__What you have to do__. Go through the entries below and print each one exactly, leaving out pictures.

....................

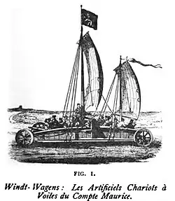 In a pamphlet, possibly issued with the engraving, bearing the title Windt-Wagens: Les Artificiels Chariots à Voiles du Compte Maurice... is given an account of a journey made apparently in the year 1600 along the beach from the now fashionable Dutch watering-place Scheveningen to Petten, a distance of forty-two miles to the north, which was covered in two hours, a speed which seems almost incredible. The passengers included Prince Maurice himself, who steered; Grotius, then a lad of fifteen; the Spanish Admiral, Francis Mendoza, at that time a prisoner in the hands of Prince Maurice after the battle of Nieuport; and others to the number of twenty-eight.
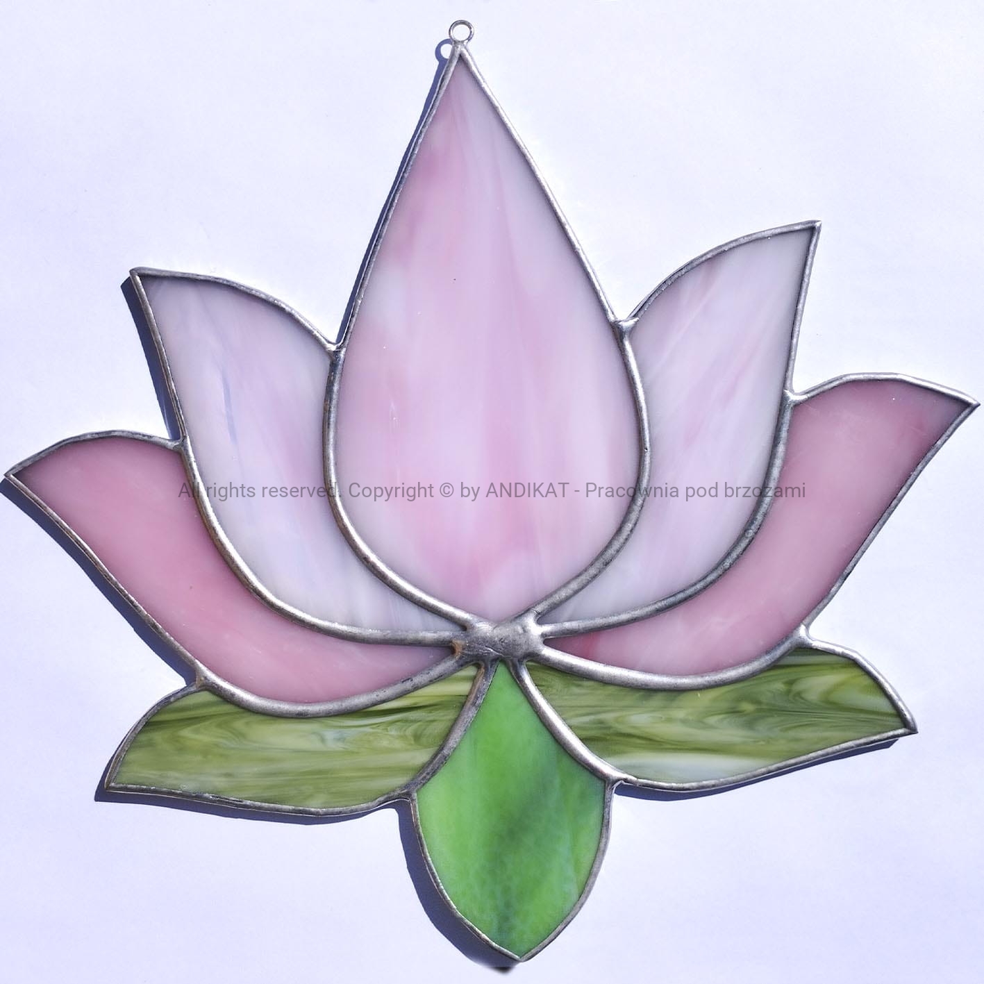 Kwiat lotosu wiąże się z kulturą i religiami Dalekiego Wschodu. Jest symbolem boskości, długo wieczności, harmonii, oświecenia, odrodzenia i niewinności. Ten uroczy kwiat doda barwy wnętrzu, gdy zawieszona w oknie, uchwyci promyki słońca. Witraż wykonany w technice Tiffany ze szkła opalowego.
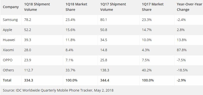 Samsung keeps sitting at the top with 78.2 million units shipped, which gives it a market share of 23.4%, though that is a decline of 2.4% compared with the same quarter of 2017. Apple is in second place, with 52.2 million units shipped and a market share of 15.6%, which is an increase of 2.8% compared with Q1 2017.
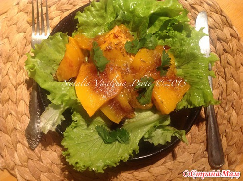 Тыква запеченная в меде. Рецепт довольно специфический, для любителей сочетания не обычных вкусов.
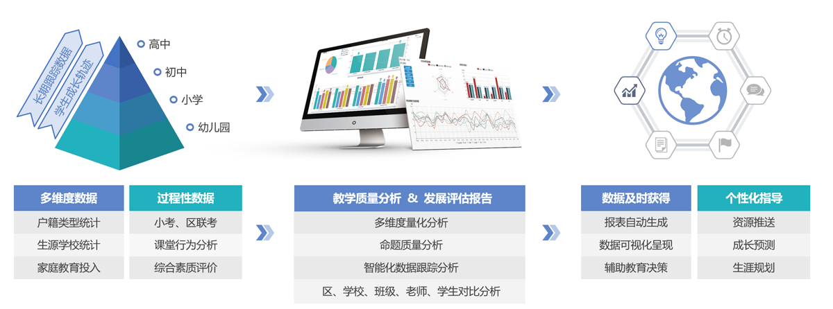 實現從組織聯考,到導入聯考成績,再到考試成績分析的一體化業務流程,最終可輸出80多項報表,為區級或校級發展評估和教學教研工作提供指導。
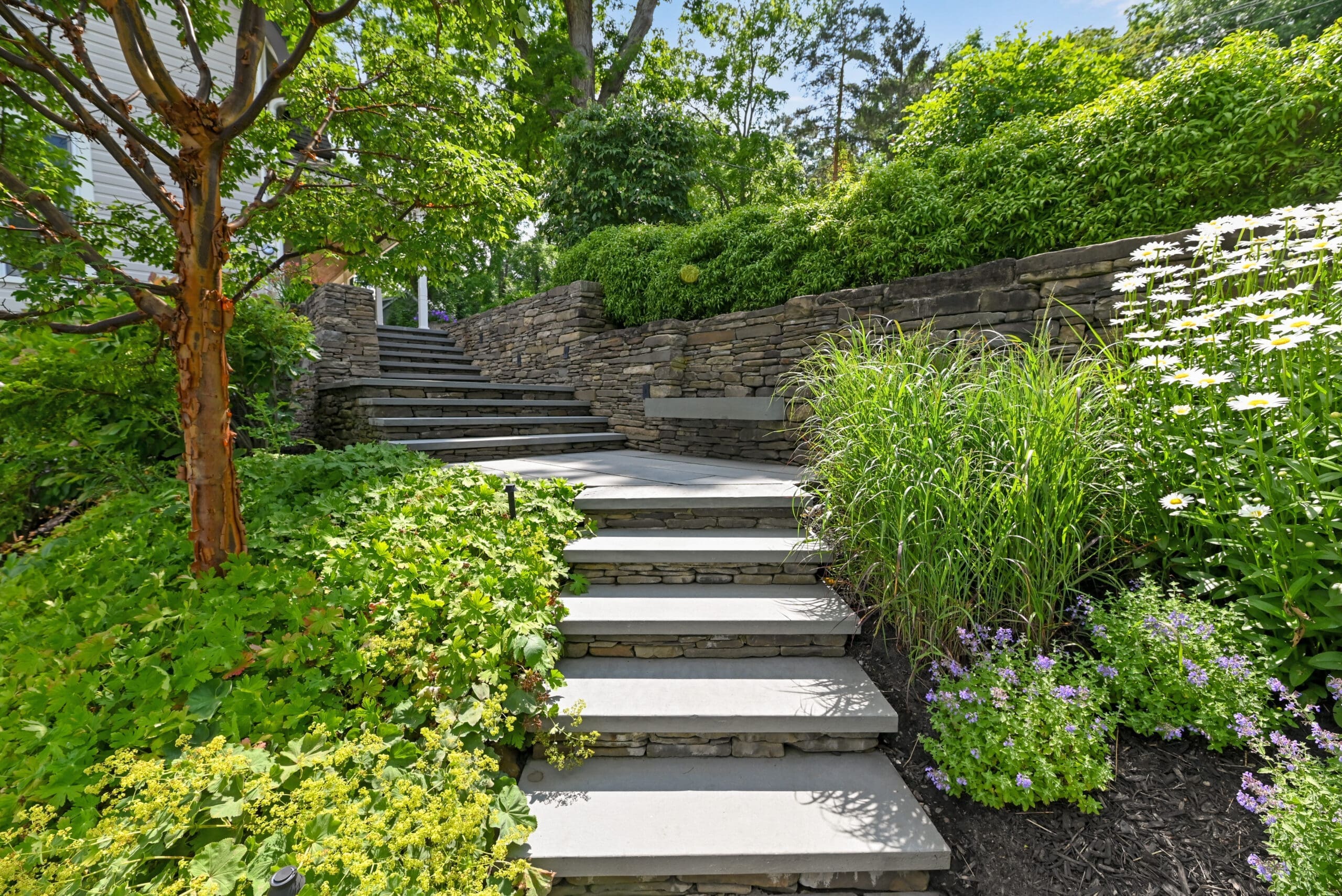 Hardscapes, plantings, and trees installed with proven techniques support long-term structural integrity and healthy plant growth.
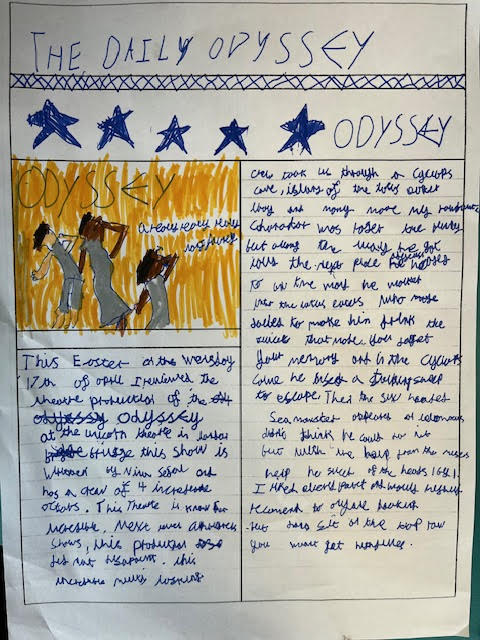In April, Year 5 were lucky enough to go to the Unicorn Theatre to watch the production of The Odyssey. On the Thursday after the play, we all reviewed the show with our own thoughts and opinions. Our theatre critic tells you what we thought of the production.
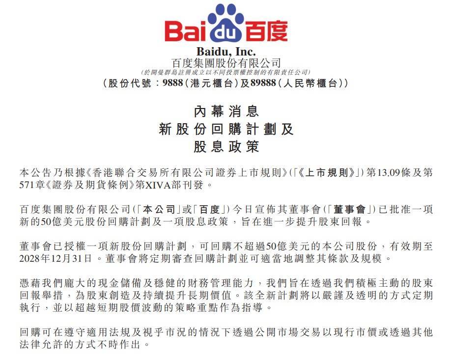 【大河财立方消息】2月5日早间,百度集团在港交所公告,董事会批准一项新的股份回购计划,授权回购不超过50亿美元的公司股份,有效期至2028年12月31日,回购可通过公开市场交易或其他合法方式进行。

....................

__Task output__.
 In a pamphlet, possibly issued with the engraving, bearing the title Windt-Wagens: Les Artificiels Chariots à Voiles du Compte Maurice... is given an account of a journey made apparently in the year 1600 along the beach from the now fashionable Dutch watering-place Scheveningen to Petten, a distance of forty-two miles to the north, which was covered in two hours, a speed which seems almost incredible. The passengers included Prince Maurice himself, who steered; Grotius, then a lad of fifteen; the Spanish Admiral, Francis Mendoza, at that time a prisoner in the hands of Prince Maurice after the battle of Nieuport; and others to the number of twenty-eight.
 Kwiat lotosu wiąże się z kulturą i religiami Dalekiego Wschodu. Jest symbolem boskości, długo wieczności, harmonii, oświecenia, odrodzenia i niewinności. Ten uroczy kwiat doda barwy wnętrzu, gdy zawieszona w oknie, uchwyci promyki słońca. Witraż wykonany w technice Tiffany ze szkła opalowego.
 Samsung keeps sitting at the top with 78.2 million units shipped, which gives it a market share of 23.4%, though that is a decline of 2.4% compared with the same quarter of 2017. Apple is in second place, with 52.2 million units shipped and a market share of 15.6%, which is an increase of 2.8% compared with Q1 2017.
 Тыква запеченная в меде. Рецепт довольно специфический, для любителей сочетания не обычных вкусов.
 實現從組織聯考,到導入聯考成績,再到考試成績分析的一體化業務流程,最終可輸出80多項報表,為區級或校級發展評估和教學教研工作提供指導。
 Hardscapes, plantings, and trees installed with proven techniques support long-term structural integrity and healthy plant growth.
In April, Year 5 were lucky enough to go to the Unicorn Theatre to watch the production of The Odyssey. On the Thursday after the play, we all reviewed the show with our own thoughts and opinions. Our theatre critic tells you what we thought of the production.
 【大河财立方消息】2月5日早间,百度集团在港交所公告,董事会批准一项新的股份回购计划,授权回购不超过50亿美元的公司股份,有效期至2028年12月31日,回购可通过公开市场交易或其他合法方式进行。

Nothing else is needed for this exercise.